In this matter, Cotter J found it helpful to answer the following three questions when considering whether M’s fundamental dishonesty was in relation to the primary claim or a related claim:
“(a) At what stage and in what circumstances did the Claimant’s dishonest conduct start? In some cases the true core of the claim, the base, can be determined without considerable difficulty and the dishonesty can be traced to a point/time when the Claimant decided to consciously exaggerate for financial gain, for example after an operation or treatment has alleviated symptoms. The timeframe may be an extended period, e.g.as residual symptoms gradually ease, or sharply defined. In other cases it may be more difficult to identify when the dishonest conduct started. In any event the court is entitled to proceed with considerable caution in answering this question given the limits of any reliable evidence.

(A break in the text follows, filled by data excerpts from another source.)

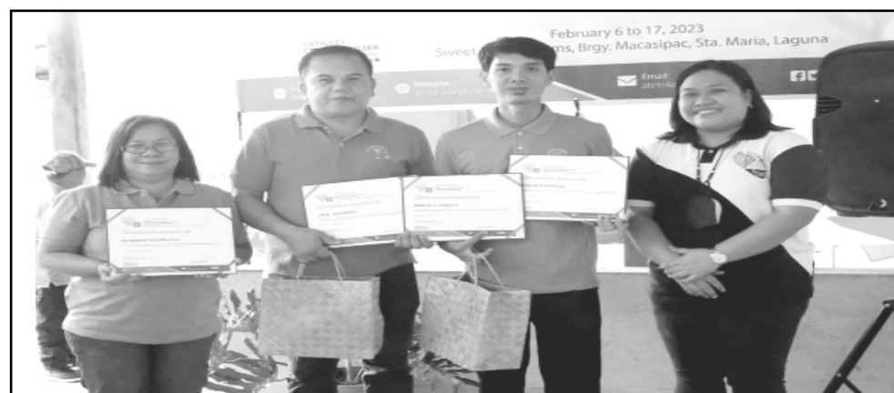
22 participants from the province of Cavite, Batangas and Rizal received certification from DA Calabarzon.
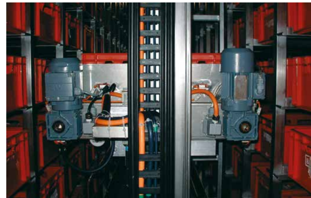
chainflex CF10 control cable in storage and retrieval units e-chain®: E2 system

Delivery time 24hrs or today. Delivery time means time until goods are shipped.
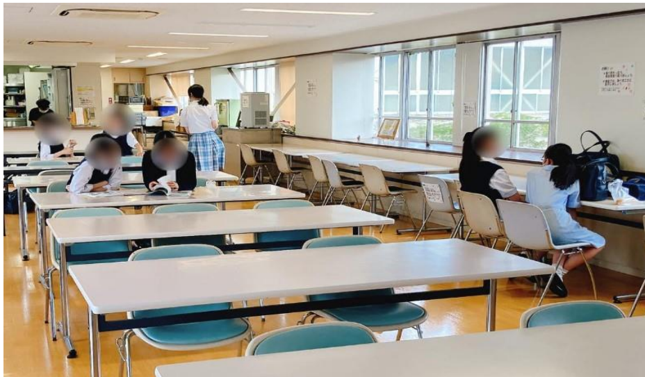
Shoei's school cafeteria

Do you know that in Shoei, there exists a room at the very top of the building that is loved by the students? Yes, you got it right. It's the school cafeteria! In this article, we will be introducing you to this place, followed by exclusive interviews from the workers. The cafeteria
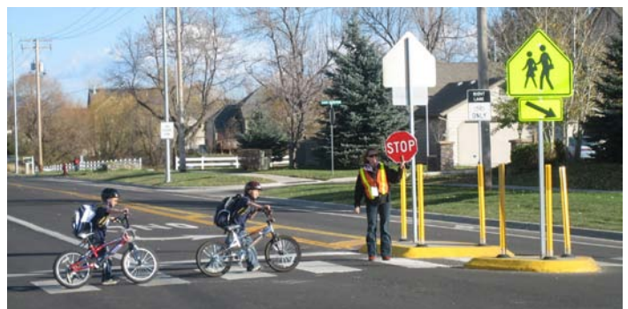
This pedestrian refuge island was added in Bozeman, Montana in 2007 after deficiencies were found during a walking audit.
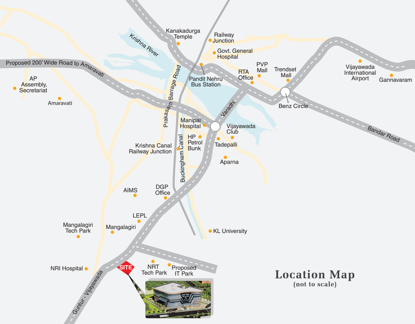
Location Map (not to scale)
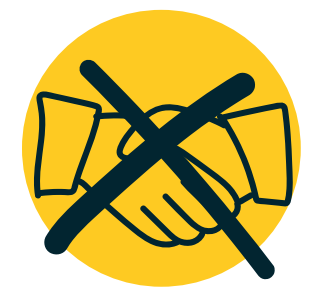
AVOID CONTACT WITH OTHERS
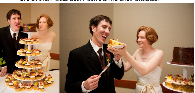
For Some, the Best Part Was the Cake
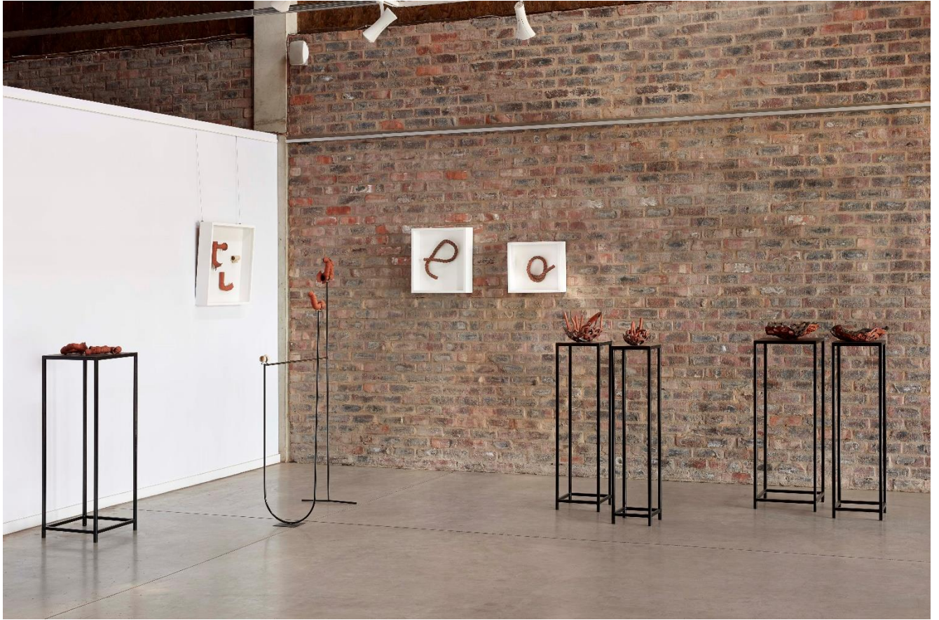
INSTALLATION PHOTOGRAPH | NATALIE DE MORNEY

(b) Does the dishonesty taint the whole of the claim or is it limited to a divisible element?
(c) How does the value of the underlying valid claim (which the court must assess) compare with that of the dishonestly inflated claim? There is no set ratio as to what constitutes fundamental dishonesty but it is usually important to consider relative values.”
Such questions provide useful guidance for any personal injury lawyer considering how to apply the fundamental dishonesty test.
The Judge concluded that the Claimant started to deliberately and significantly exaggerate his symptoms at a very early stage and before his claim, from March/April 2017 in order to secure a discharge from the Army with a financial settlement. The fact that this type of injury was one which depended primarily on the Claimant’s reporting of his symptoms was, in Cotter J’s view, a significant factor in determining whether the dishonesty tainted the whole claim. He found that the indisputable visual evidence and the fact that the Claimant had persistently, significantly and dishonestly exaggerated his symptoms tainted the whole claim and made it very difficult to assess the extent of any true underlying claim. There were no realistic grounds for finding that the Claimant would be caused a substantial injustice if the claim were dismissed. The claim was dismissed accordingly. Although costs were not dealt with in the judgment, the result means that M would not be able to benefit from the costs protection under Qualified One Way Costs Shifting (QOCS) and would bear D’s costs.